# Audiopipe speaker wire



## King Nothing (Oct 10, 2005)

Well, Ive seen this suff floating around ebay for a bit, so i bit the bullet and bought 100 ft of 14 gauge speaker wire. Im less than impressed. On the wire it is printed 14 gauge. When held side by side with some 16 gauge that I have, it seems to be the same size. the kicker is that on the 14 gauge, the jacket is thicker, and the conductors smaller, than the 16 gauge. It seems to be 18 gauge wire with a 16 gauge jacket and 14 gauge printed on it. Stay away from this stuff. Ive contacted the Ebay seller asking for a full refund, and if they dont give it to me Ill be leaving negative feedback for selling crap. It will be only the 2nd negative ive ever left LOL


----------



## ItalynStylion (May 3, 2008)

How much did you waste on this? You should have known better.


----------



## King Nothing (Oct 10, 2005)

ItalynStylion said:


> How much did you waste on this? You should have known better.


17 bucks LOL


----------



## ItalynStylion (May 3, 2008)

King Nothing said:


> 17 bucks LOL


ok good. I had actually wrongly read the thread title and initially thought it said, "Audiophile speaker wire" 

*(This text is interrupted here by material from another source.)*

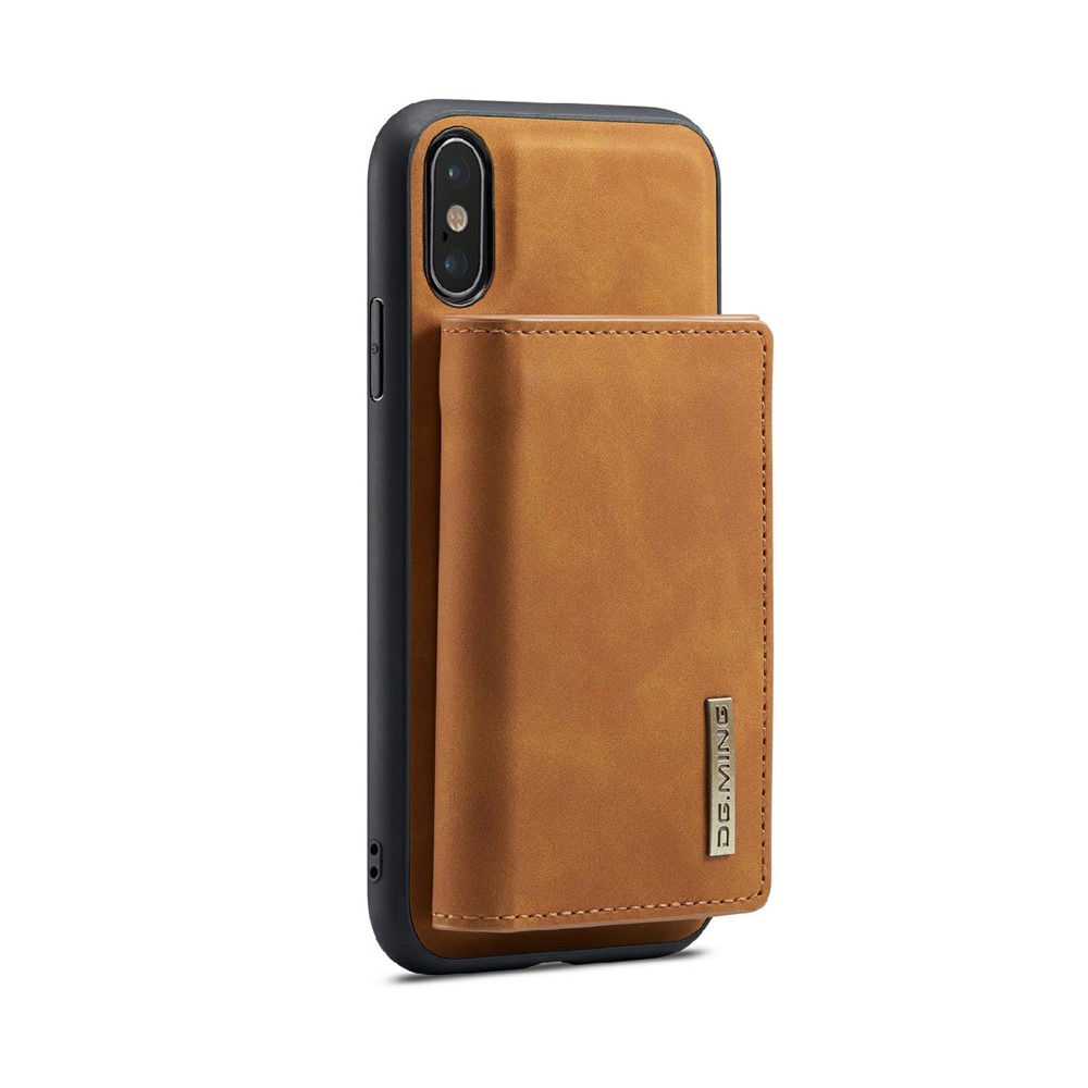 DG.MING M1 Series Magnetic Well-protected Wallet Design Leather Coated Hybrid Case with Kickstand for iPhone X/XS 5.8 inch - Brown

I thought I was going to have to kill you.


----------



## King Nothing (Oct 10, 2005)

ItalynStylion said:


> ok good. I had actually wrongly read the thread title and initially thought it said, "Audiophile speaker wire"
> 
> I thought I was going to have to kill you.

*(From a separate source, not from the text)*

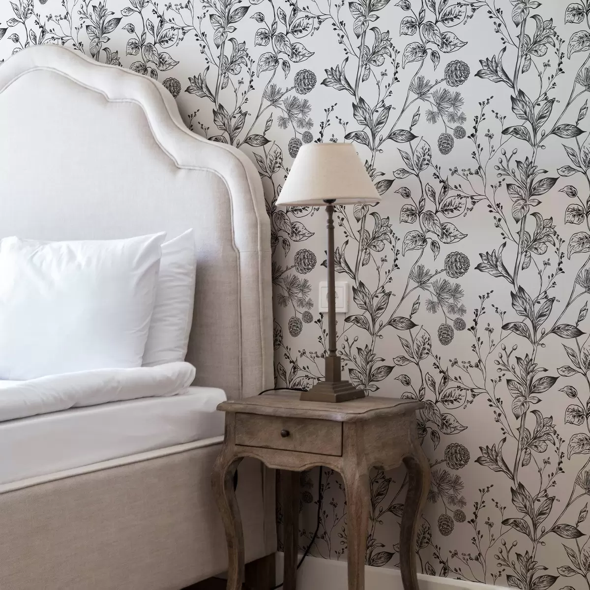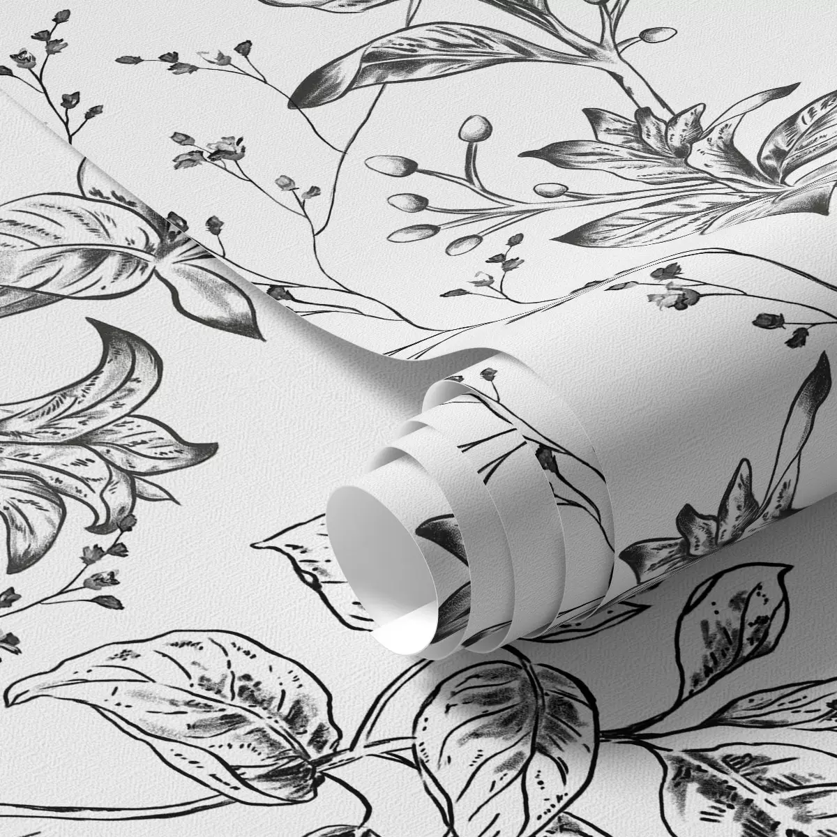 Papel de parede Ramos a preto e branco com folhas sobre fundo branco Nr. a00098v1

Nope. I Emailed the ebay seller this morning and was offered a partial refund. one thing I can say is even though the product sucks, it seems the customer service is pretty darn good.


----------



## quality_sound (Dec 25, 2005)

A partial refund for product not as described is "pretty good"?


----------



## King Nothing (Oct 10, 2005)

quality_sound said:


> A partial refund for product not as described is "pretty good"?

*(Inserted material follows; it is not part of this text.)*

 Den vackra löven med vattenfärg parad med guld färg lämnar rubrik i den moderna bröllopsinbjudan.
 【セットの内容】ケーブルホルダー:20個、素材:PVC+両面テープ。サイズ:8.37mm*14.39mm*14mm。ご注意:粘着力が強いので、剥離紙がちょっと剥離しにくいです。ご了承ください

Considering I dont want to spend 10-12 bucks shipping this stuff back to them and Ive already used it for something else. It seems like them giving me a partial refund and me keeping the wire isnt bad. They got back to me quickly and were very apologetic and friendly in the email...


----------



## Bob Morrow (May 4, 2009)

Is it copper-jacketed aluminum or real copper? If it's aluminum, you really got jacked.


----------



## King Nothing (Oct 10, 2005)

Bob Morrow said:


> Is it copper-jacketed aluminum or real copper? If it's aluminum, you really got jacked.


looks like copper


----------



## captainobvious (Mar 11, 2006)

Always buy here. Quality stuff really cheap. The White jacketed speaker wire is tits.
Audio Cables - RCA / 3.5mm


----------



## bmwproboi05 (May 3, 2009)

I bought THX Moster speaker wire for 23 dollars 100ft of 14 ga. At my local homedept


----------



## xlversatyle (Feb 25, 2009)

audio piping is great


----------



## King Nothing (Oct 10, 2005)

xlversatyle said:


> audio piping is great


Was there a reason for this stupid ass, useless post, or are you just trying to get your post count high enough to sell crap?


----------